— Dataset extract —
────────
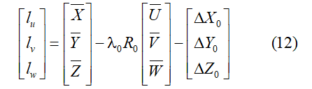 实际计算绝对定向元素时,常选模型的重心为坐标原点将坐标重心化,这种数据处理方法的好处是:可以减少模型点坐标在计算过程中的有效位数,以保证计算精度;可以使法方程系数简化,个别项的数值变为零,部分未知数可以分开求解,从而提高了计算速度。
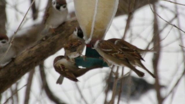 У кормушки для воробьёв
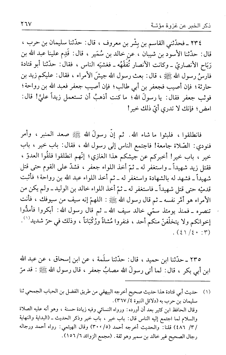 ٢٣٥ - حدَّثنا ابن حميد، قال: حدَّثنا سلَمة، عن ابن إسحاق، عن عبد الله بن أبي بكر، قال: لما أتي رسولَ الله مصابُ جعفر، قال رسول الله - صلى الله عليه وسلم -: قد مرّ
────────
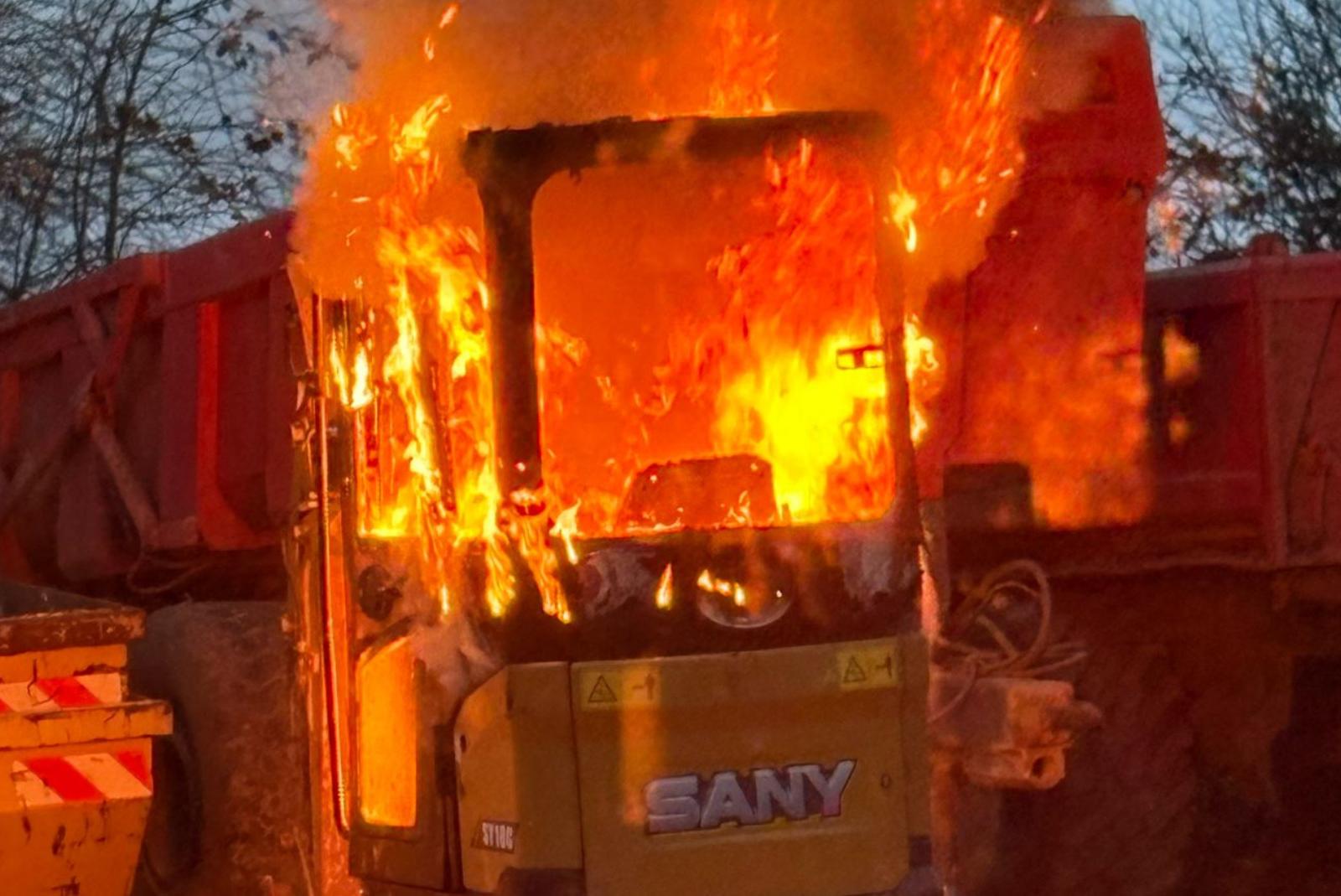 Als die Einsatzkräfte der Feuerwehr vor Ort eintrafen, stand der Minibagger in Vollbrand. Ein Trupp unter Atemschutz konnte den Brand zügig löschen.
────────
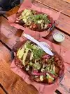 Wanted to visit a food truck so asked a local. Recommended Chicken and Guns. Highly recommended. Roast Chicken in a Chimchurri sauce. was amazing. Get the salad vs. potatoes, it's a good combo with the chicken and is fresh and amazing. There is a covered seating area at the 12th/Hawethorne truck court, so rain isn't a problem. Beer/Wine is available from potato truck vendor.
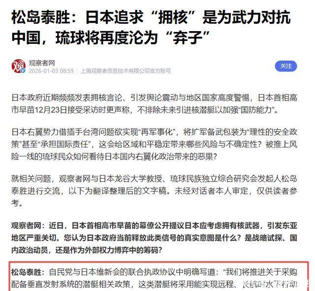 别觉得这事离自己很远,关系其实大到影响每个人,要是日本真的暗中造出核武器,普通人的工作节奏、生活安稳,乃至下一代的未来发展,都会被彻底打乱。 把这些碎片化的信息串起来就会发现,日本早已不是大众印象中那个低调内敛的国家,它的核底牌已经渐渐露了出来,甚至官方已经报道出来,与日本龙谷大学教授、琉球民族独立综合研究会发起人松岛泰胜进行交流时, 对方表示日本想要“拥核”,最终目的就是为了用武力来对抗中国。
────────
— Your instructions —
Both the line above containing "У кормушки для воробьёв" and the line containing "٢٣٥ - حدَّثنا" belong in the copy, along with every line between them; print these exactly and omit the pictures.

— Output for this task —
 У кормушки для воробьёв
 ٢٣٥ - حدَّثنا ابن حميد، قال: حدَّثنا سلَمة، عن ابن إسحاق، عن عبد الله بن أبي بكر، قال: لما أتي رسولَ الله مصابُ جعفر، قال رسول الله - صلى الله عليه وسلم -: قد مرّ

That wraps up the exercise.